If this possible then it would be of great convenience for all of us.


----------



## mkellogg

You mean to automatically reload with the changes in the last minute?  My poor server is already becoming overloaded as it is.  I think you are going to have to keep hitting F5.

Mike


----------



## timpeac

mkellogg said:
			
		

> You mean to automatically reload with the changes in the last minute? My poor server is already becoming overloaded as it is. I think you are going to have to keep hitting F5.
> 
> Mike


 
Well not automatically reload if you are still looking at the same page (although that would be good!!) I meant as you flick back with the back arrow, that if something had changed on that last page then it would have the new info.

I am completely computer illiterate and so I have no idea if what I am asking would take rediculous extra resources etc, if so sorry.

I think your server is doing a great job, by the way!


----------



## Benjy

timpeac said:
			
		

> Well not automatically reload if you are still looking at the same page (although that would be good!!) I meant as you flick back with the back arrow, that if something had changed on that last page then it would have the new info.
> 
> I am completely computer illiterate and so I have no idea if what I am asking would take rediculous extra resources etc, if so sorry.
> 
> I think your server is doing a great job, by the way!



the problem lies with ie.. not the web pages. when you click back it reads from the cache. refresh makes it actually update from the webpage.


----------



## timpeac

Benjy said:
			
		

> the problem lies with ie.. not the web pages. when you click back it reads from the cache. refresh makes it actually update from the webpage.


 
But I know of sites, Benjy, where clicking on the back arrow does also refresh the page...as I say I'm not very computer literate though.


----------



## Benjy

timpeac said:
			
		

> But I know of sites, Benjy, where clicking on the back arrow does also refresh the page...as I say I'm not very computer literate though.


hmmm. could you gimme a link? maybe its ME whos lacking in understanding here


----------



## el alabamiano

timpeac said:
			
		

> But I know of sites, Benjy, where clicking on the back arrow does also refresh the page...as I say I'm not very computer literate though.


That's because a JavaScript code is placed in the "Head" of the HTML code, forcing an autorefresh. However, that's for individual pages, and I'm not sure it'd work within a forum setup.

At any rate, clicking Refresh isn't _that_ timeconsuming, is it?


----------



## cuchuflete

el alabamiano said:
			
		

> That's because a JavaScript code is placed in the "Head" of the HTML code, forcing an autorefresh. However, that's for individual pages, and I'm not sure it'd work within a forum setup.
> 
> At any rate, clicking Refresh isn't _that_ timeconsuming, is it?
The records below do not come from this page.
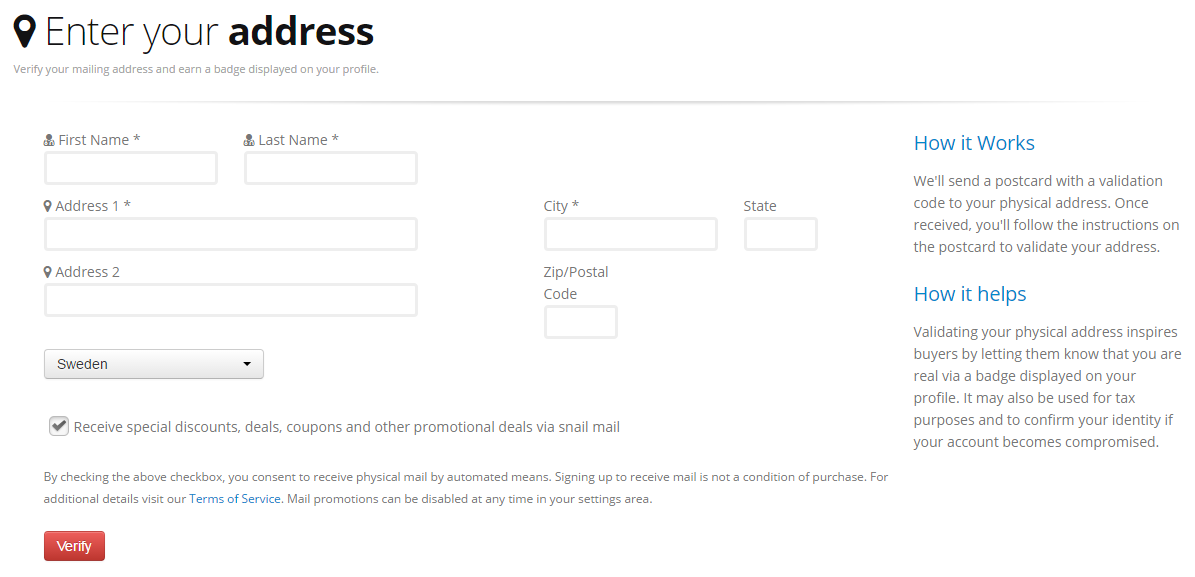Enter your details. First name, Last name, Address, City, State, Zip/Postal Code and chose your country within the list. When you've done this, press "Verify" and this it what happens next:
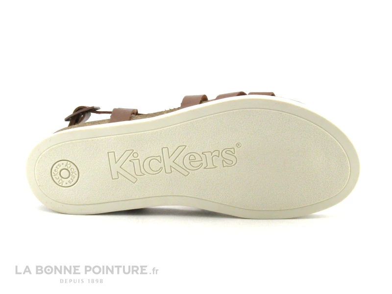 Cette belle sandale Femme Kickers Kick Alice est en cuir lisse marron clair, harmonieusement associé à une semelle liège.
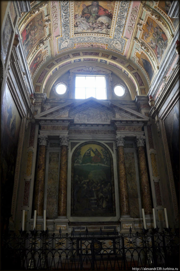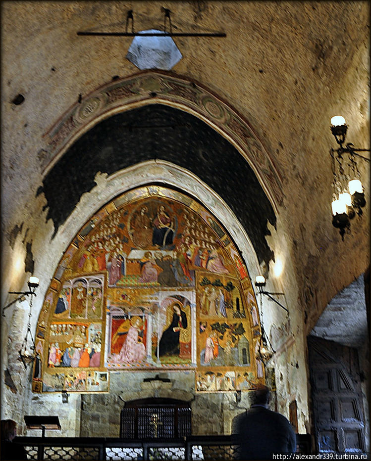 В капелле сохранились почерневшие от времени своды, алтарный триптих XIV века, фрески XVI века, произведения из майолики Андреа делла Роббиа (ок. 1490г.), портрет святого Франциска, приписываемый Чимабуэ, распятие работы Джунта Пизано (1236г.).
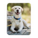 Un perro Labrador Recuperever amarillo sonríe mientras se sienta en un banco de madera al aire libre en un día soleado.
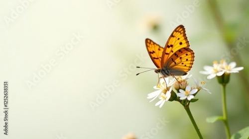 Fototapeta premium A vibrant orange butterfly delicately perched on a cluster of pristine white wildflowers, basking in the soft sunlight, creating a serene and picturesque natural scene.
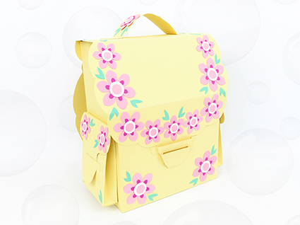 Der Ranzen ist aus Fotokarton gefertigt und ca. 21 x 21,5 x 10 cm groß (ich habe ohne Griff und Gurte gemessen). Er ist nicht ganz so einfach nachzuarbeiten und eher für erfahrene Bastler geeignet.
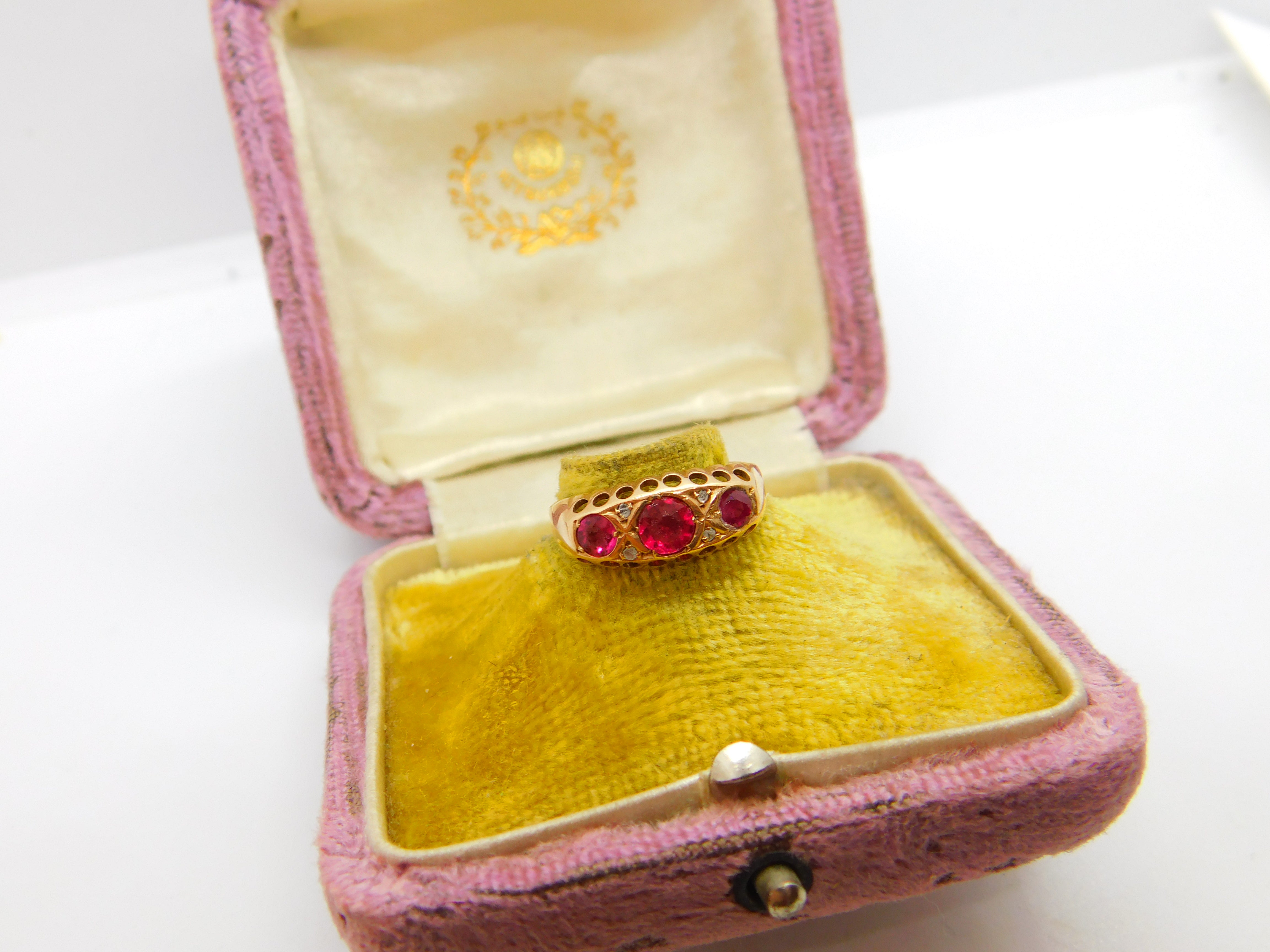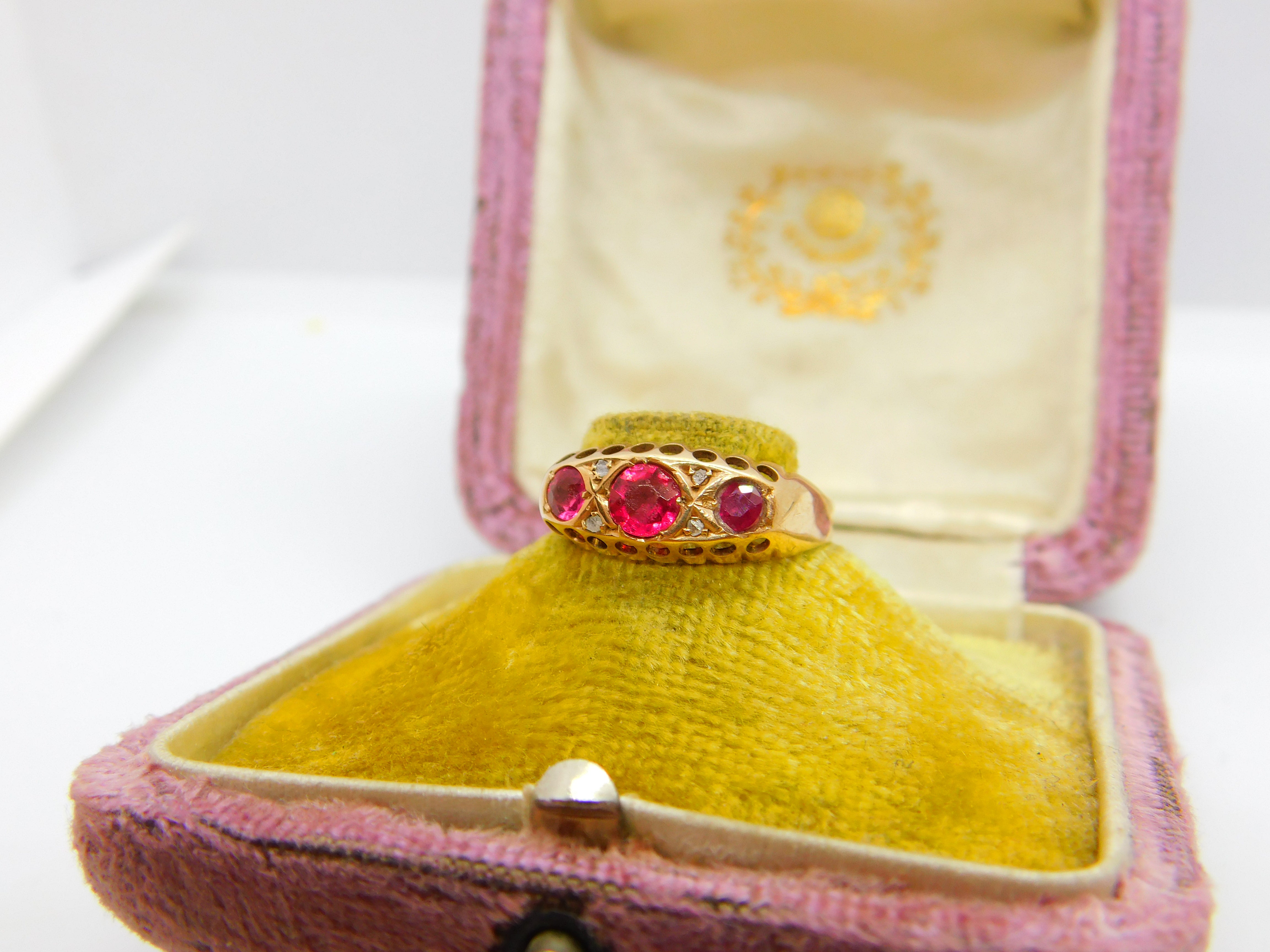 Victorian 9ct Gold, Ruby & Diamond Boat Ring Antique c1890 Chester

Good points El Alabamiano!

Also, as Mike mentioned in passing, and most people may not have focused on, hitting * F5* is quick and easy.  It will give you a refresh of the current screen on most computers, from Macs to Pcs to AS/400s to mainframes.  I use it all the time with both IE and Safari.
That puts a lot less load on Mike's server than refreshing every page whenever anyone hits  back or forward.

Cuchu


----------



## timpeac

Benjy said:
			
		

> hmmm. could you gimme a link? maybe its ME whos lacking in understanding here


 
Sorry, can't as it's a university password protected site - I think people with more knowledge than me on this have replied now anyhow. Thanks


----------



## timpeac

el alabamiano said:
			
		

> That's because a JavaScript code is placed in the "Head" of the HTML code, forcing an autorefresh. However, that's for individual pages, and I'm not sure it'd work within a forum setup.
> 
> At any rate, clicking Refresh isn't _that_ timeconsuming, is it?


True. I did say it wasn't a big problem...


----------



## timpeac

cuchuflete said:
			
		

> Good points El Alabamiano!
> 
> Also, as Mike mentioned in passing, and most people may not have focused on, hitting *F5* is quick and easy. It will give you a refresh of the current screen on most computers, from Macs to Pcs to AS/400s to mainframes. I use it all the time with both IE and Safari.
> That puts a lot less load on Mike's server than refreshing every page whenever anyone hits back or forward.
> 
> Cuchu


 
Yes that's well worth knowing, thanks


----------